Tomó el paño blanco con
el que limpiaba la mesa de la cocina, y envolvió el frasquito vacío para golpearlo
-con dificultad por el dolor en sus manos- varias veces con la bola del metate,
hasta hacer un fino polvo de vidrio que después arrojó por el desagüe.
Jovita
caminó por la casa mientras bebía a cada paso ese aroma frío y melancólico que
tenía la recámara. Tomó el teléfono y sintió, al escuchar la voz de Pedro, ese
dolor incesante en el pecho, que ahora parecía haberle crecido. Le dijo lo de
su padre, que esa mañana la vida se le había ido por la vejez, y seguramente
también por una gripa mal cuidada. Pedro preguntó si ella quería que fuera a la
casa:
– No, hijo, no. Te llamé
para que sepas, no para que arregles nada -. Antes de colgar, y sin que Pedro
se diera cuenta, Jovita le dio la bendición vía telefónica.
Hurgó de nuevo en el
álbum, sacando de él una fotografía que ella no recordaba: Una donde Gregorio y
ella, el día de la boda, sonreían.

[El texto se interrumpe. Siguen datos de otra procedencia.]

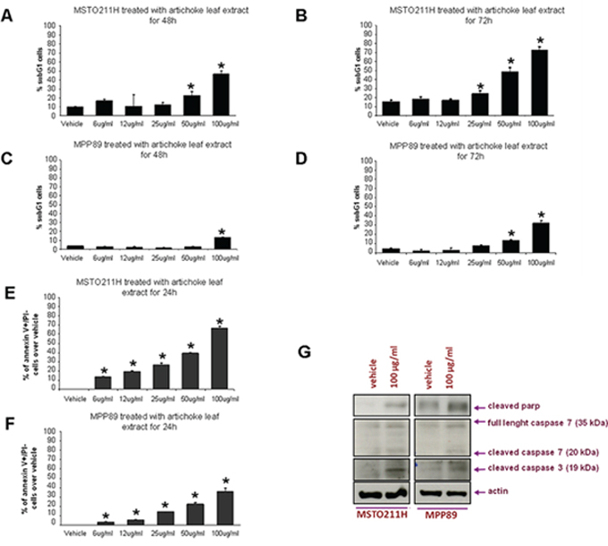 Figure 2: The artichoke leaf extract induces apoptosis of MPM cells. A, B, C, D. Percentage of subG1 cell population of MPM cells (MSTO-211H and MPP-89) treated with the indicated doses of the artichoke extract for 48 or 72 hrs. Error bars represent mean +/− SD. Statistics (t-test): p < 0.05. E, F. Histograms showing the percentage of Annexin V+/PI- over vehicle. MPM cells (MSTO-211H, MPP-89) were treated at the indicated doses of the artichoke extract for 24. Error bars represent mean +/− SD. Statistics (t-test): p < 0.05. G. Representative protein gel blot of whole cell lysates obtained from MSTO-211H and MPP-89 cell lines treated for 24 hrs with 100 μg/ml of artichoke leaf extract and stained with anti-cleaved parp, anti-caspase-3 and anti-caspase-7 antibodies. Actin staining was used as loading control.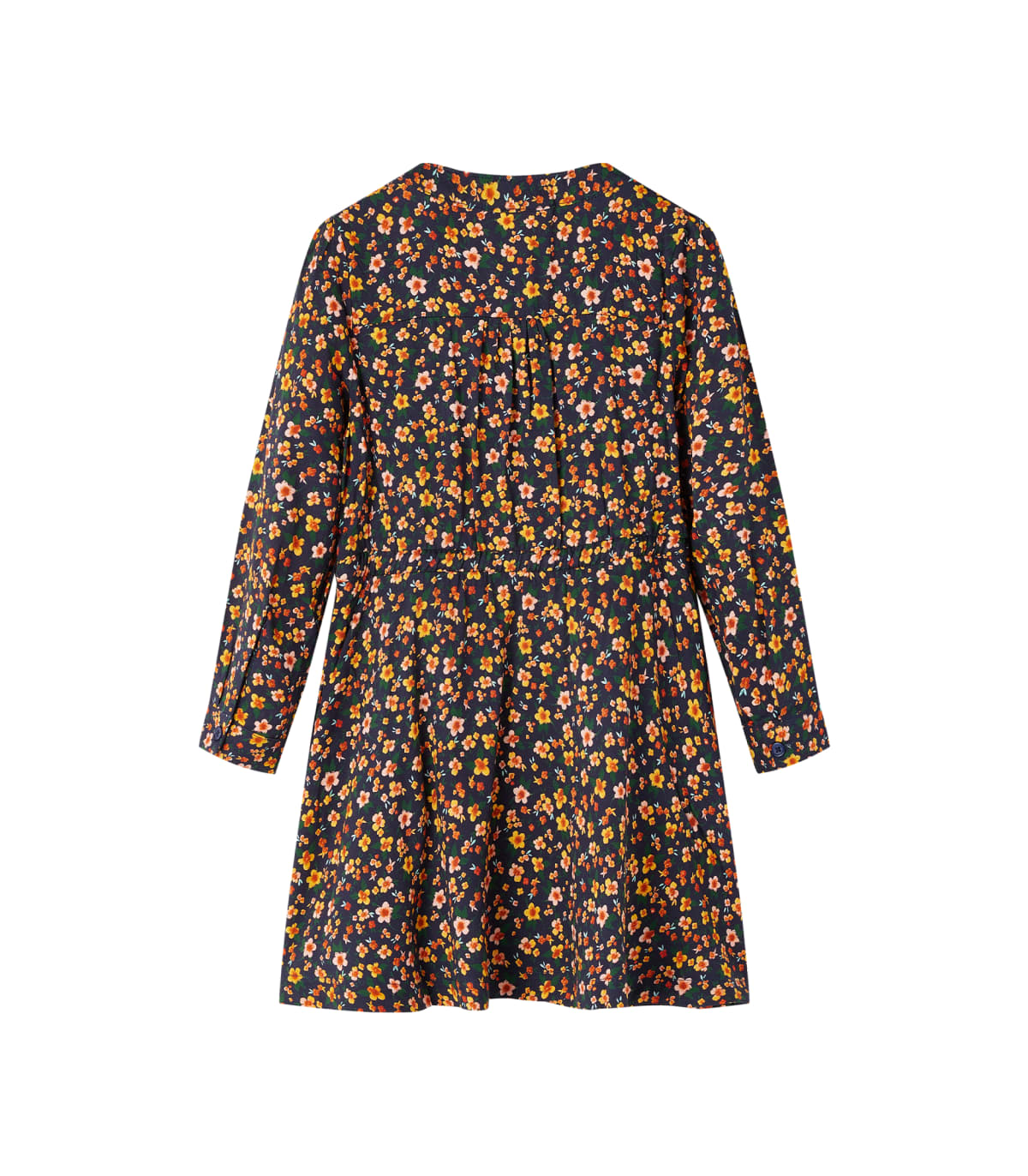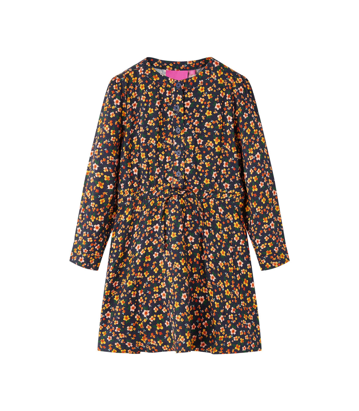 Our children's clothing line is all about affordable, high-quality, and durable everyday wear for kids aged 1.5 to 10. Our range includes jackets, sweaters, shirts, and many more, with a variety in style, size, and colour. Following the high-quality standard in the market, we are using high-grade materials and advanced manufacturing techniques. This midi dress has a round neckline, long sleeves, an adjustable waist drawstring and closes with a row of front buttons. The all-over floral print makes the dress look elegant and beautiful. The long sleeve dress is made from 100% lyocell for comfort and breathability. Good to know: This size chart in the picture provides measurements for kids aged 1.5 to 10, covering the height, chest, waist, and hip. You can easily find the right fit for your child.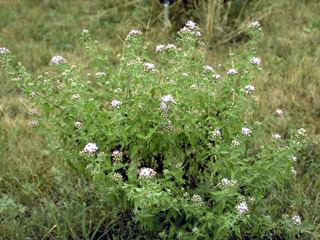 The oppositely arranged leaves are 5-12 cm long and 3-7 cm wide and are triangular or egg-shaped in outline (i.e. ovate) and have a pointed tip (i.e. acute apex). They are hairy (i.e. pubescent) on both surfaces and have coarsely toothed (i.e. serrated) margins. These leaves are borne on stalks (i.e. petioles) up to 6 cm long (usually 10-15 mm), and give off a strong pungent, aromatic odor when crushed.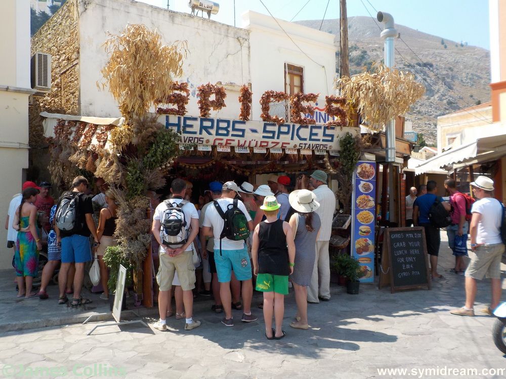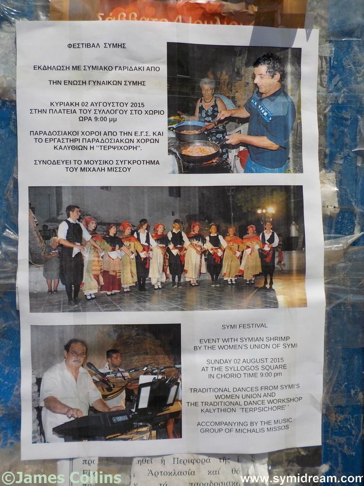 While there we spied a poster advertising this Sunday’s Symi Shrimp Festival (good to see Neil’s photos still being used after all these years). That’s taking place in Horio at 9pm onwards, free Symi shrimps provided by the Symi Women’s Association, and also music and dancing, everyone welcome.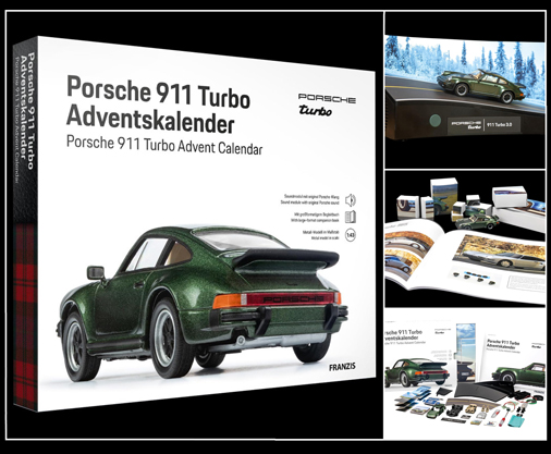Calendrier de l'Avent - Porsche 911 Turbo 3.0 1977 Calendrier de l’Avent en 24 étapes - Kit en métal, assemblage possible sans colle Socle avec module sonore intégré : Son original d'un moteur Porsche Grand Livret d'accompagnement de 52 pages en Anglais / Allemand Miniature Porsche 911 Turbo 3.0 1977 - Vert Chêne 1/43 Requiert 2 piles 1,5 V (AA) non-incluses Franzis 67233 69,95 € TTC / Incl. Taxes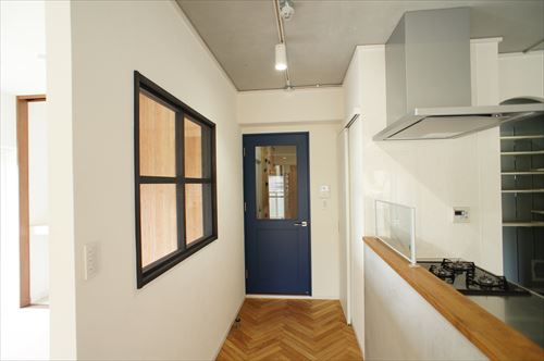 キッチンに対面してる壁には室内窓があるので和室からの様子や奥にある窓からの風景も眺めれるので開放的です。
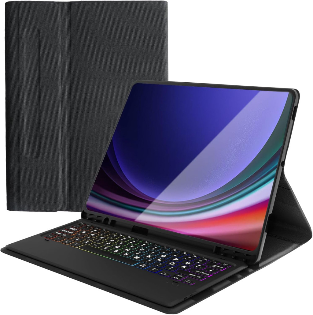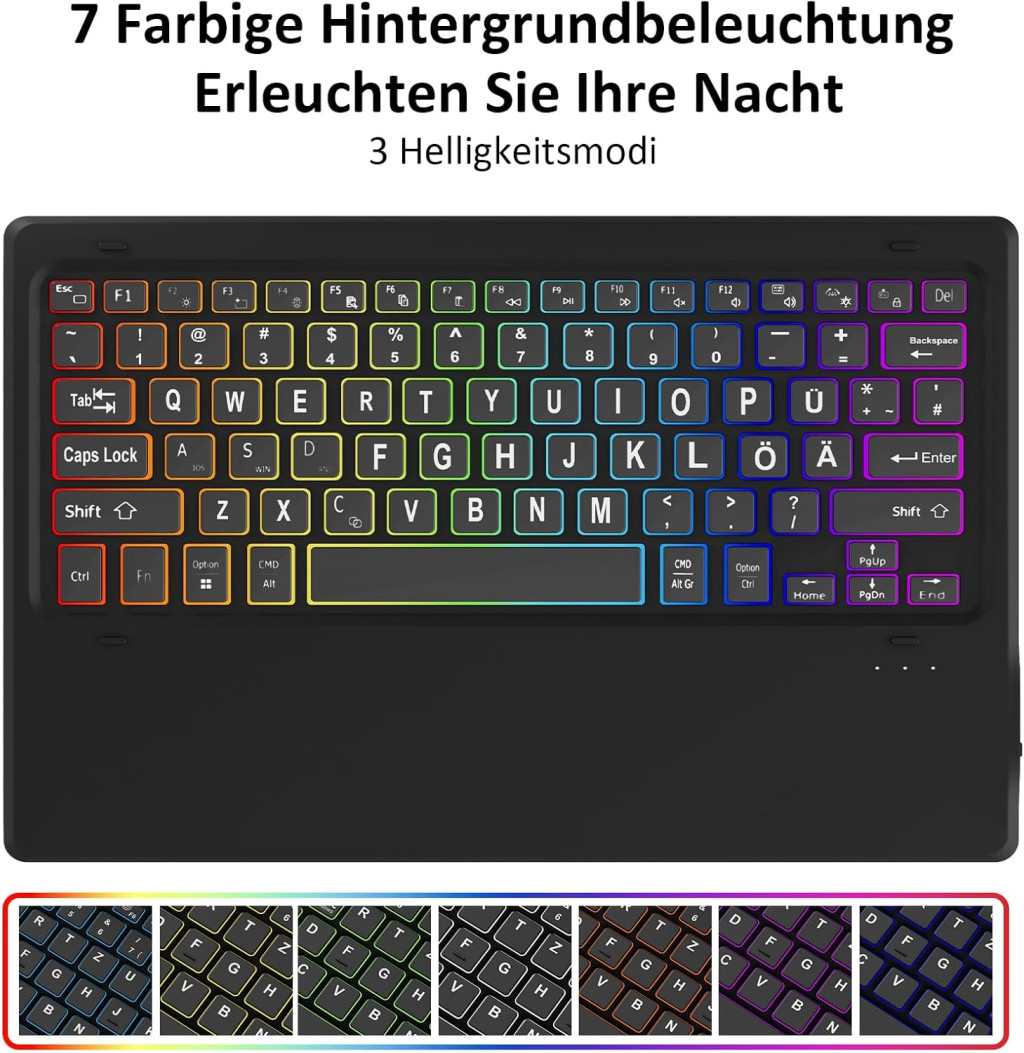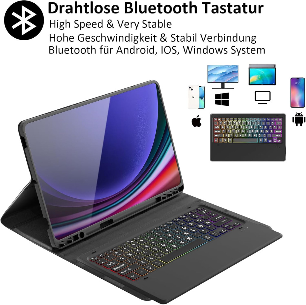 Qoosea QWERTZ Tipkovnica s pozadinskim osvjetljenjem i futrola za Samsung Tab S9 FE+/S9+ 12.4" Tablet - Odvojiva Bluetooth tipkovnica, TPU zaštitna futrola, 3 Á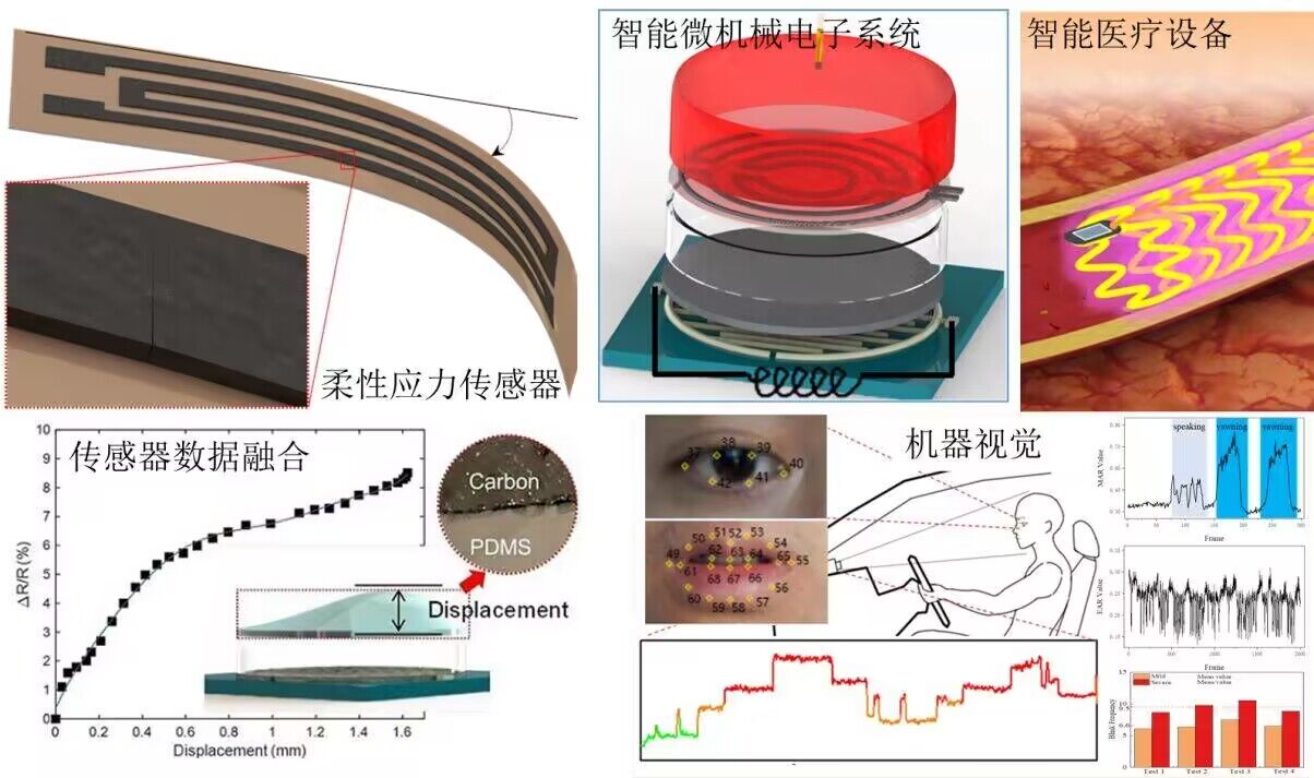 • 硬件方向:压力、湿度、温度等多模态柔性传感器,研究内容涉及器件设计、性能测试、物理试验、应用探索等。

La tomó cariñosamente, y la llevó con ella
hasta el sofá, poniéndose la fotografía en el pecho, justo donde más le dolía.
Cerró los ojos, tratando de recordar la felicidad de antaño, al mismo tiempo
que una corriente de aire apagaba los cirios de Gregorio, y también apagaba,
con tibieza, la respiración de Jovita, que de pronto y sin abrir los ojos, se
dio cuenta que ya nada le dolía.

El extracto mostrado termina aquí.